Internet templates are great as a guide, however, and you can adapt them to suit the specific needs of your organization, particularly focusing on any internal communication issues that have been raised in your fact-finding.

An internal communications plan should be a living document that you can review and adapt from time to time, as needed. It’s a roadmap that staff in the IT department can follow and details how and when they need to communicate to the rest of the organization.

Your plan should include:

  • An outline of what you want to communicate
  • Your intended audience(s). For the IT department there could be several audiences such as the entire organization, management only, the executive team, specific work or project teams, specific geographic offices etc.
  • What it is you would like to say to these teams – you should have key messages that you wish to communicate with your audience(s).
  • The tools that you will use to deliver your communications.
  • Who is responsible for the internal communication delivery?
  • When will communication happen? Will it be regular or as needed or a combination of both?

Are the tools you’re using the right ones for the job?

Take a look at the ways you are currently communicating with your organization and be brutally honest: is it what people want? Is it serving its intended purpose?
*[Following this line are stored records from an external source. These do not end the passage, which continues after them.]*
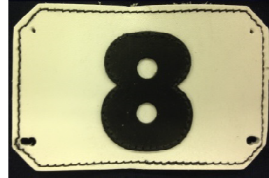
Hanover Leather Fire Helmet Shield Insert (Black)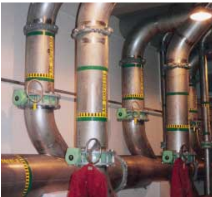
Sewage, water treatment, and compressed air are among typical services with Victaulic stainless steel systems.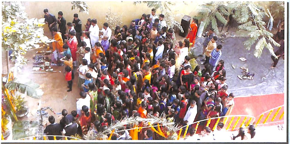
Students are present on the occasion of 'Nirmali' on Sarawati Puja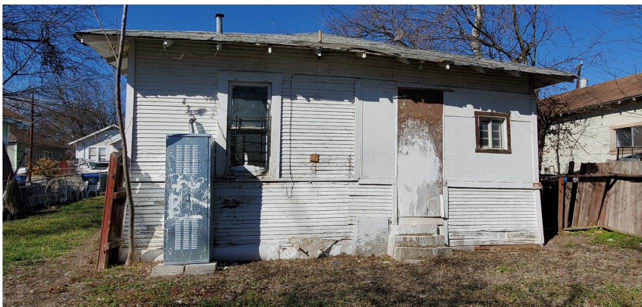
South (rear) elevation

1901 S. ALAMO ST, SAN ANTONIO, TEXAS 78204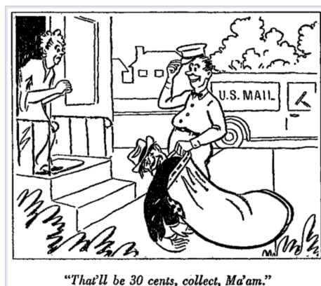
June 1946 Grapevine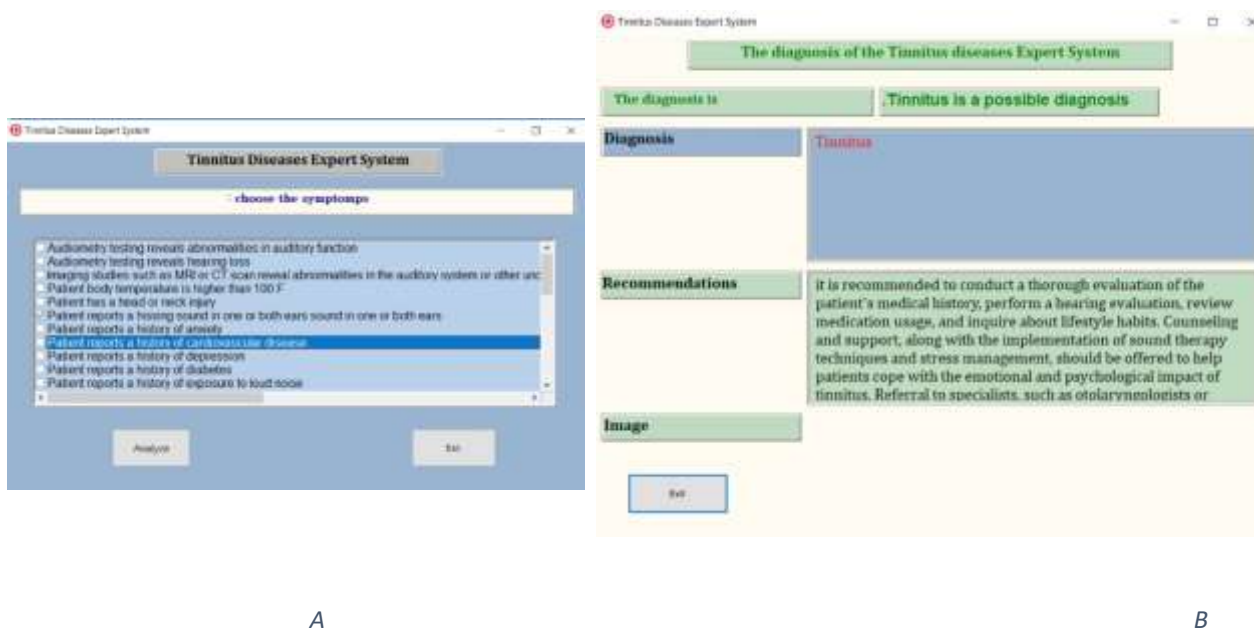
Figure 3: A: The Selected Symptoms, B: The Analysis Interface Result.

The inference engine of the expert system was implemented using the CLIPS (C Language Integrated Production System) programming language, known for its suitability in developing rule-based systems. CLIPS provided the necessary framework for constructing the inference engine, which employed a set of rules based on expert knowledge to make diagnoses. The use of CLIPS facilitated the efficient processing of user inputs and the generation of accurate diagnoses.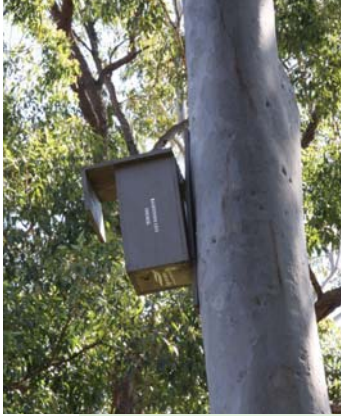
A nesting box in Roberts Road Reserve.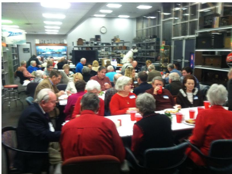
2014 Christmas Party

The calendar year is ending, but our fiscal year is just half gone. The holiday season brings excitement to our kids and grandkids and our extended families. Travel is on the agenda and good food and fellowship are everywhere. Our Christmas party on December 28 will have plenty of good food and fellowship. I hope each of you who can, will attend the party! I have included some pictures from last year's Christmas Party.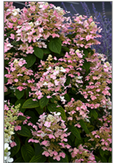
Quick Fire Hydrangea flowers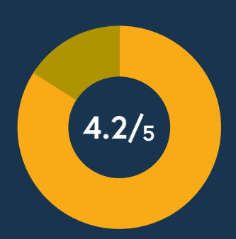
I know how to recognise others' feelings about something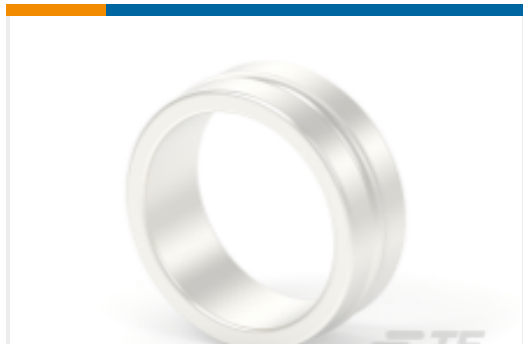
TE Part #2387549-3 CU ALLOY,INNER FERRULE,120SQ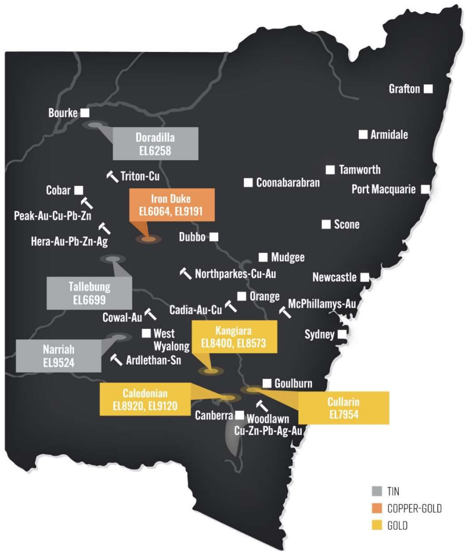
Figure 2: SKY Tenement Location Map

Highlight, ‘McPhillamys-style’ gold results from previous exploration include 36m @ 1.2 g/t Au from 0m to EOH in drillhole LM2 and 81m @ 0.87g/t Au in a costean on EL8920 at the Caledonian Project.

Are you dumping information on an intranet site that nobody ever reads or doesn’t know where to find new information? Are you sending too many emails? Is the information too technical and full of jargon? Are your videos too long and boring? Or are you not even communicating at all?

Look at best practices for IT department communication solutions and determine if you have them in your workplace. Some of these include:

  • Self-help portals and easy-to-find FAQs with the most common IT problems/questions relevant to your organization somewhere on your company intranet site.
  • Good, reliable ticketing systems on the helpdesk where all interactions and responses are recorded for each job so a client doesn’t have to repeat themselves and your help desk staff don’t give conflicting pieces of advice. Also having prewritten/automated responses for the sake of consistency and clarity.
  • Use all technologies available such as sending an SMS to employees who work offsite.
  • Video content is king, but don’t overdo it. Nobody will sit through long, boring videos. Short, informative pieces of content is key.
  • Consider investing in an innovative internal communication software system such as DeskAlerts. DeskAlerts can be used to send pop-up notifications to employees’ desktop screens in a disruptive way, bypassing the email system. It’s a great way to get your message across and there are many add-on features such as scrolling ticker tape, corporate screensaver, corporate wallpaper, apps for smartphones and SMS messages that can further enhance your internal communication efforts.

Strive for continuous improvement

When you start rolling out your new internal communications plan, you can’t afford to just rest on your laurels. It can take a bit of trial and error and some fine-tuning to get the mix right.

Your initial fact-finding into the current state of your internal communications in your organization should form a baseline that you can benchmark against. The original questioning that you sent to your employees to gauge their feelings about your IT department’s internal communications can be sent again at later intervals so that you can compare results to determine if there has been an improvement, or, unfortunately, a regression.

With ongoing feedback and data you can strive to continuously improbe your internal communications.